Разговор действительно оказался резким, но ни к чему не привел. Мы возвращались к нему на каждом сеансе последовавшей недели. В конце концов именно Шпильфогель, несказанно удивив и озадачив, предложил мне поискать другого психотерапевта. Я, право слово, такого не ожидал. Просто представить себе не мог. Даже шок от чтения статьи был менее острым. Это я при случае намеревался отказаться от общения с ним, а не наоборот. Итак: шел привычный в последнее время ожесточенный спор; аргументы летели от кушетки к креслу и от кресла к кушетке. Вдруг он встал и, не отвечая на очередную резкую реплику, молча обошел стол и приблизился ко мне.

Обычно на сеансах я, лежа пластом, не видел лица доктора, но обращался к книжному шкафу, потолку над собой, фотографии Акрополя, висевшей на противоположной стене. Теперь же Шпильфогель оказался рядом. Я приподнялся на кушетке, сел.

— История зашла слишком далеко, — промолвил, кашлянув, доктор. — Либо вы забудете о злосчастной статье, либо мы прекратим сеансы. Продолжать в том же духе бессмысленно.

— Нелегкий выбор, — ответил я, чувствуя лихорадочное сердцебиение, а он стоял посреди комнаты, опершись рукой о спинку кресла. — Вы занимаетесь мною уже больше двух лет. Сколько нами обоими вложено в лечение — сил, времени, надежд, денег. Я не считаю, что здоров, и не думаю, что в состоянии сам себе помочь. Да и вы, наверняка, придерживаетесь того же мнения.

— Согласен. Но вы расцениваете ту статью как «вероломную», «неэтичную», «постыдную» и «гнусную». Нет, нет, уязвленное авторское самолюбие тут ни при чем. Просто я сам в ваших глазах стал, естественно, человеком вероломным и гнусным. При таких условиях никакое лечение невозможно.

— Перестаньте, прошу вас. Я хочу остаться вашим пациентом.

— Из каких же соображений?

— Потому что я до сих пор боюсь остаться с собой один на один. Потому что с вами я чувствую себя сильнее. Потому что вы помогли мне окончательно порвать с Морин, а это вопрос жизни и смерти. Не избавься я от нее, был бы в тюрьме или могиле, без всякого преувеличения. Вы вернули меня к нормальному повседневному существованию. Вы были со мной в самое трудное время. Вы удержали меня от совершения неописуемо нелепых и неестественных поступков. Очевидно, что наше общение результативно. И все же, как ни печально, я не могу не придавать значения вашей статье, а уж тем более попросту забыть о ней.

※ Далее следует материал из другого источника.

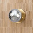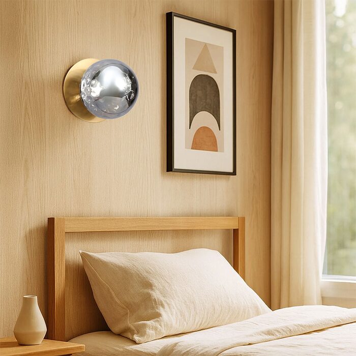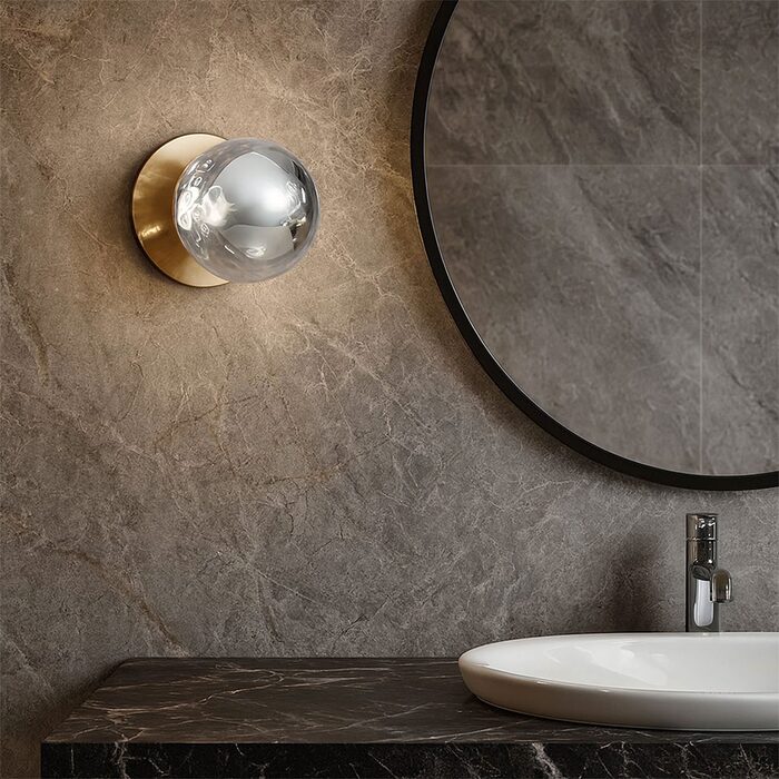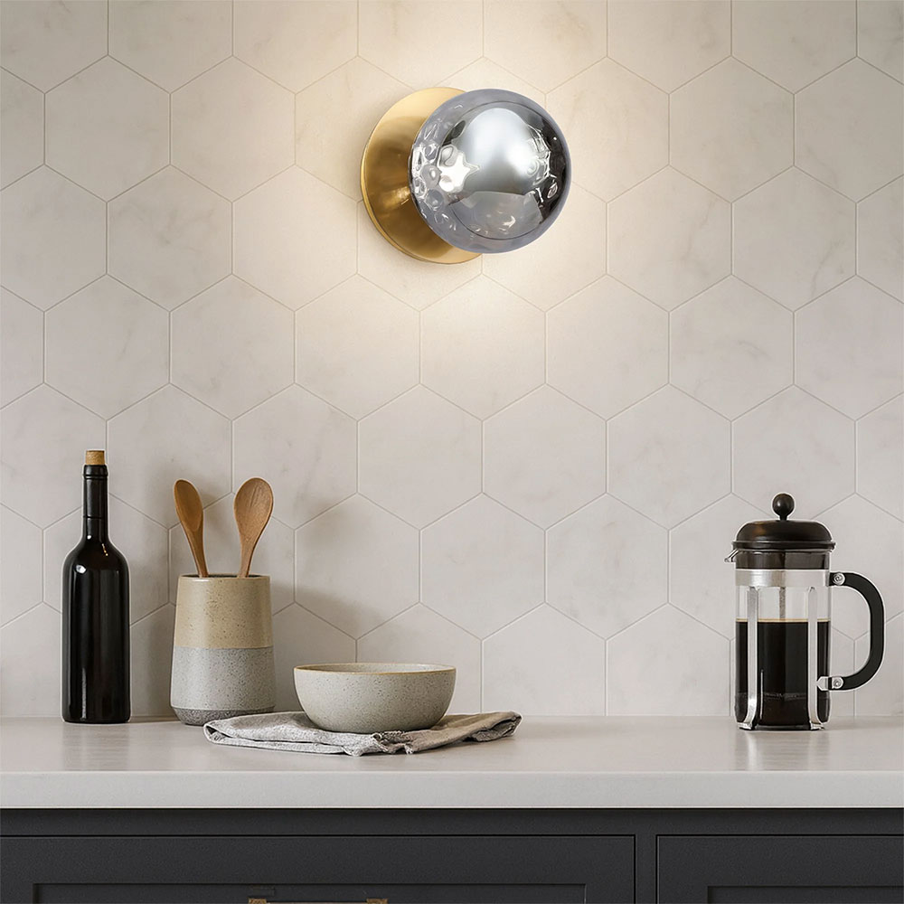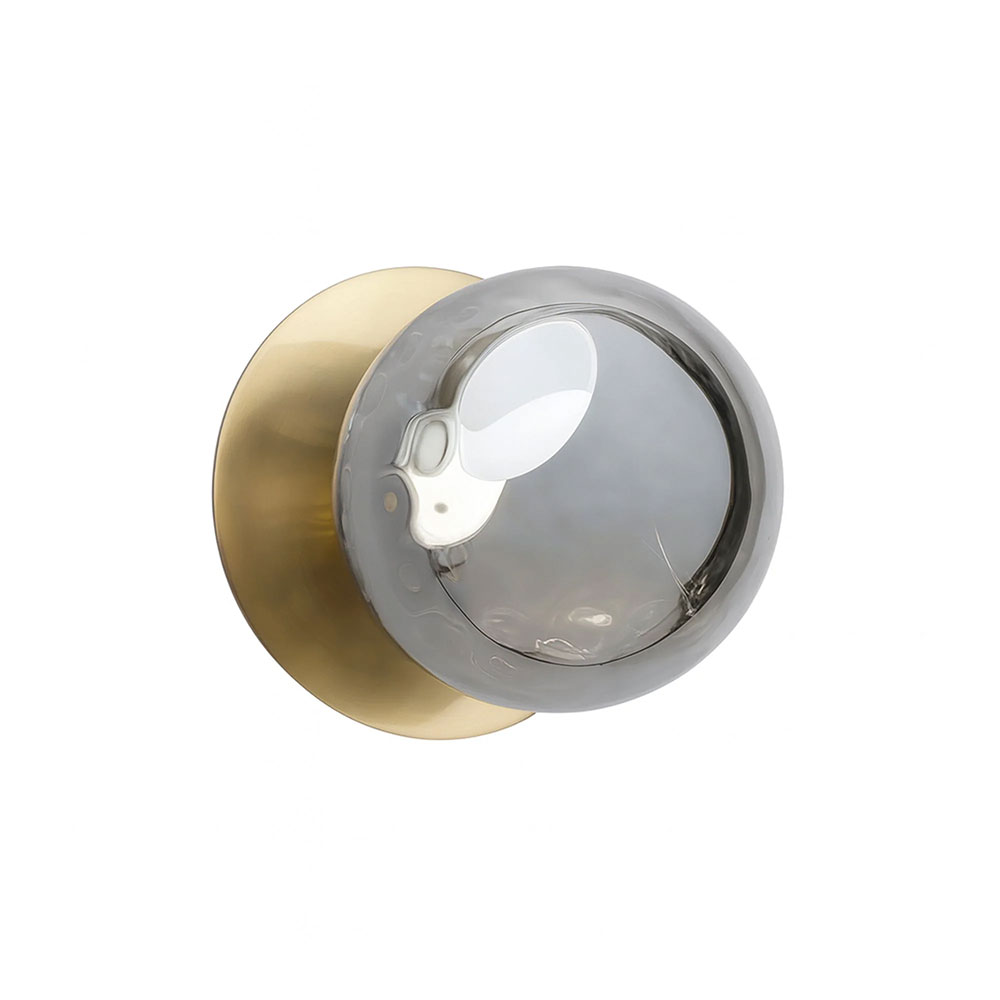 Each wall light pairs a sleek integrated LED module with your choice of round decorative base plate in Gold, Brass, Chrome, Matte White, or Matte Black, and a round glass shade available in Clear, Smoky, Marble Opal, or Frosted Opal, in 10 cm or 15 cm sizes.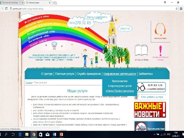 МУНИЦИПАЛЬНОЕ БЮДЖЕТНОЕ УЧРЕЖДЕНИЕ «ЦЕНТР ПСИХОЛОГО-ПЕДАГОГИЧЕСКОЙ, МЕДИЦИНСКОЙ И СОЦИАЛЬНОЙ ПОМОЩИ» Г. ПЕРМИ Блок «Результативность» линия педагогов-психологов Подпроект «Школа юного психолога» : 1. Научно-практическая конференция для учащихся «В мире психологии» , март 2018 2. Олимпиада по психологии для учащихся 8 -10 классов Районный этап – декабрь – февраль 2018 Городской этап – март 2018 3. Психологические каникулы Ноябрь 2017, январь, март, июнь 2018 Конкурс проектов развития школьных служб примирения сентябрь- ноябрь 2017 Конкурс для воспитанников детских садов «Сказочная квест-история» (формирование навыков коммуникации и взаимодействия в группе, развитие ВПФ) (проводится по решению районного подразделения)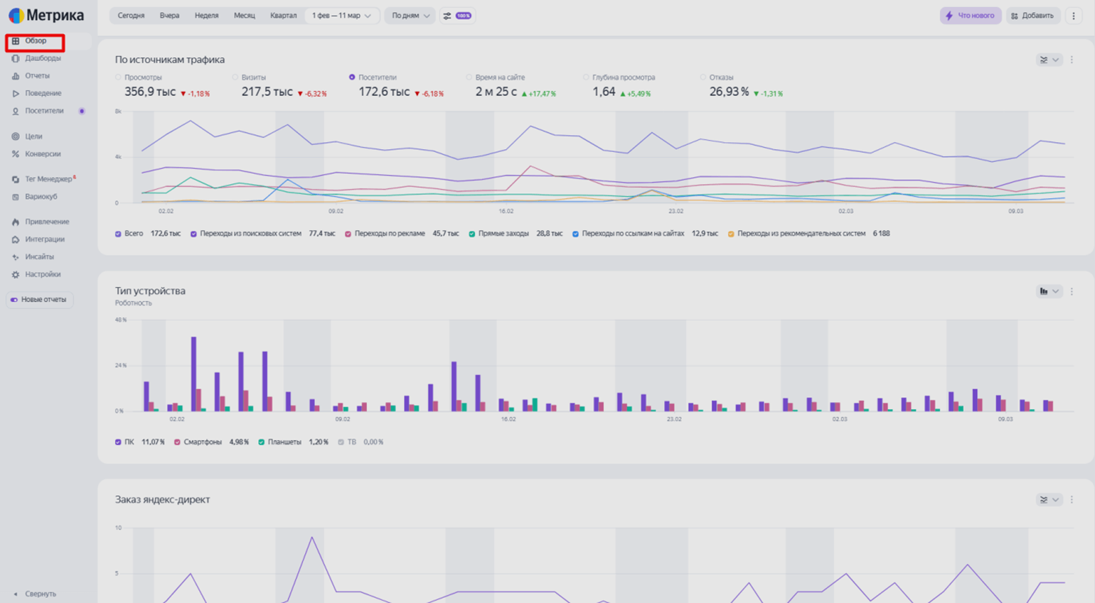 Основные показатели можно посмотреть в дашборде. Чтобы открыть его, нажмите на вкладку «Обзор» в левом меню.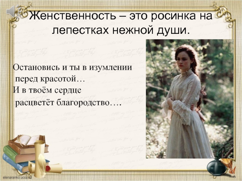 Слайд 12Женственность – это красота, скромность и милосердие, щедро пролитые на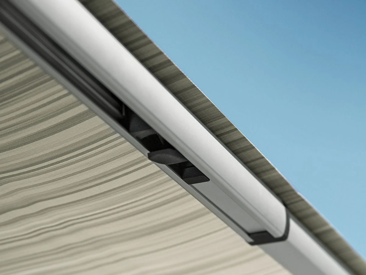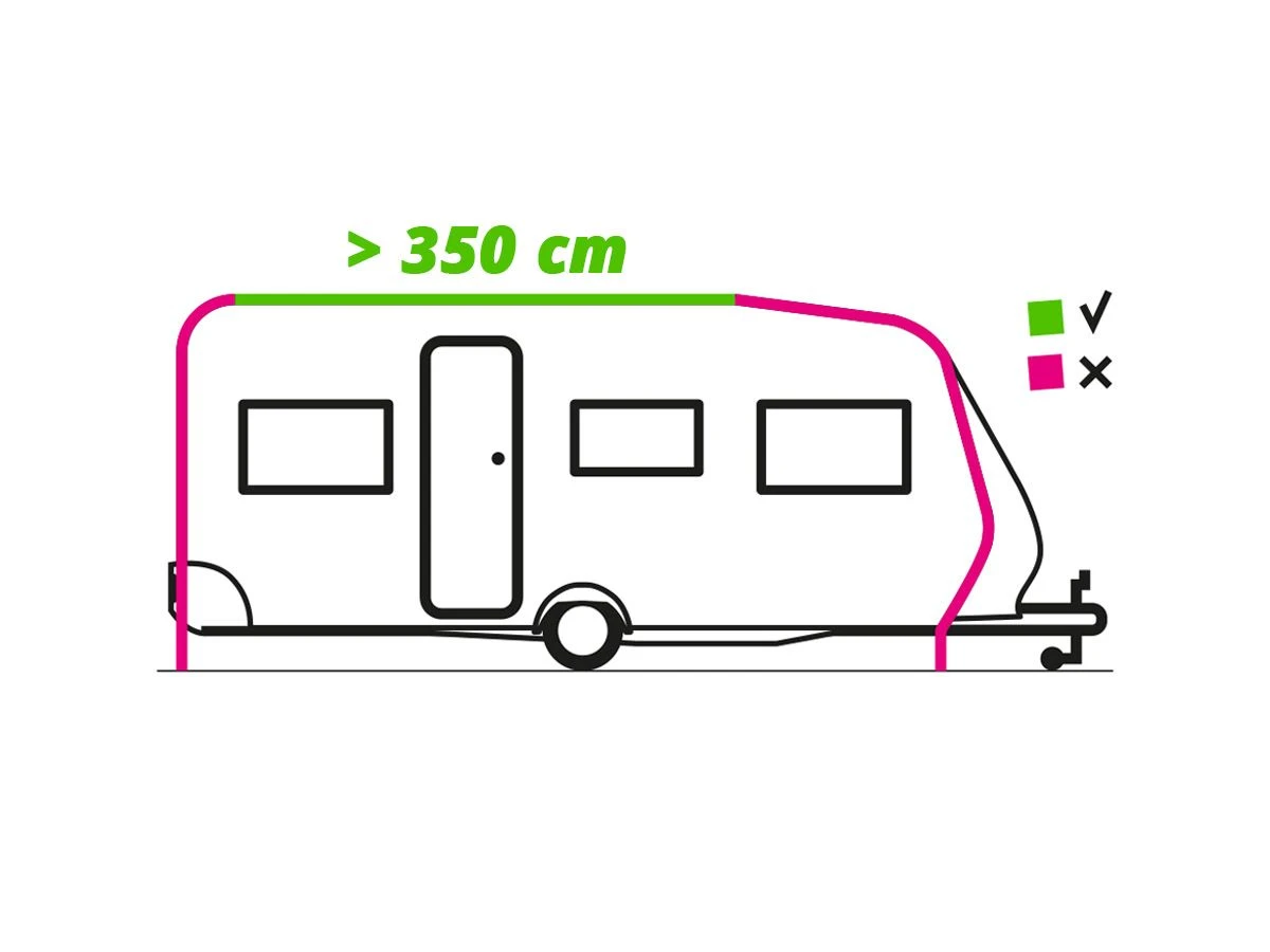 De Thule Omnistor 1200 past alleen in het rechte gedeelte van je caravanrail. Meet daarom altijd van tevoren na hoe lang dit stuk rail precies is. Heb je bijvoorbeeld een rechte caravanrail van 410 cm, dan past de Omnistor 1200 met een lengte van 400 cm perfect.
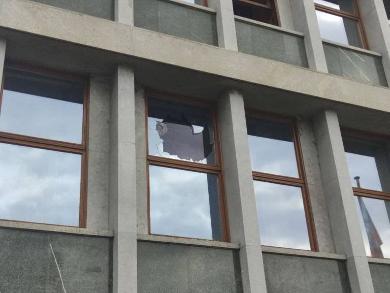 Parlament ima danes razbita okna, smetnjaki ob njem so zašgani, stavba pa je tudi rahlo okrušena. Steklo je še vedno na tleh, pred poškodovanimi deli stavbi pa so napeljali varnostni trak.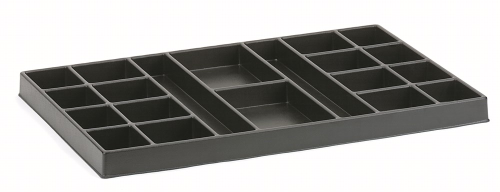 Met vakken voor kleinmateriaal zoals schroeven, moeren enz. Olie- en skydrolbestendig. 8 vakken 60 x 80 mm, 8 vakken 80 x 80 mm, 2 vakken 100 x 165 mm, 2 vakken 50 x 330 mm.

— Мы говорим о докладе всю неделю. Мне нечего больше добавить в свое оправдание. Да и в чем каяться?

— В том, что поступили вероломно и неэтично.

— Опять двадцать пять! Именно столько раз я отмел все ваши обвинения. Не вижу в своих действиях ничего вероломного.

— Вы изложили в статье обстоятельства, не только доверенные вам, но опубликованные мною в качестве автобиографического очерка. И сделали это сознательно.

— Мы писали одновременно, я уже объяснял.

— А я предупреждал заранее, что намерен напечатать описание эпизода с перепутанным адресом.

— Видимо, запамятовали: намеревались предупредить. Я узнал о ваших творческих планах как о свершившимся факте, прочитав очерк в «Нью-Йоркере». На тот момент статья находилась уже в печати.

— Значит, надо было исправить эту часть статьи в корректуре. А что до моей памяти, так я ничего не запамятовал.

— Ой ли? Согласитесь: сначала вы пеняли на то, что, стремясь сделать пациента неузнаваемым для читателей, я намеренно дал неверное описание вашей персоны. Вы, мол, еврей, а не итальянец, прозаик, а не поэт и пришли ко мне в двадцать девять, а не в сорок. Такие искажения, дескать, вероломны и неэтичны. Теперь же выясняется, что вероломно и неэтично приоткрывать перед публикой ваше подлинное лицо. Разве такая чехарда обвинений может быть признана последовательной? Разве это не очередное свидетельство амбивалентности?

— Амбивалентность, как же! Не наводите, ради бога, тень на плетень. Вы и в разговоре, как в статье, напускаете туману на совершенно прозрачные обстоятельства. Давайте подробно обсудим написанное каждым из нас.

— Мы уже обсуждали написанное каждым из нас донельзя подробно. Не раз, не два и не три.

— И все-таки, даже если ваша статья уже находилась в печати, вы, прочитав мой очерк, не имели права оставлять ее без изменений, ибо в противном случае предстали бы (как, увы, и произошло) разгласителем чужих секретов и обманули доверие пациента.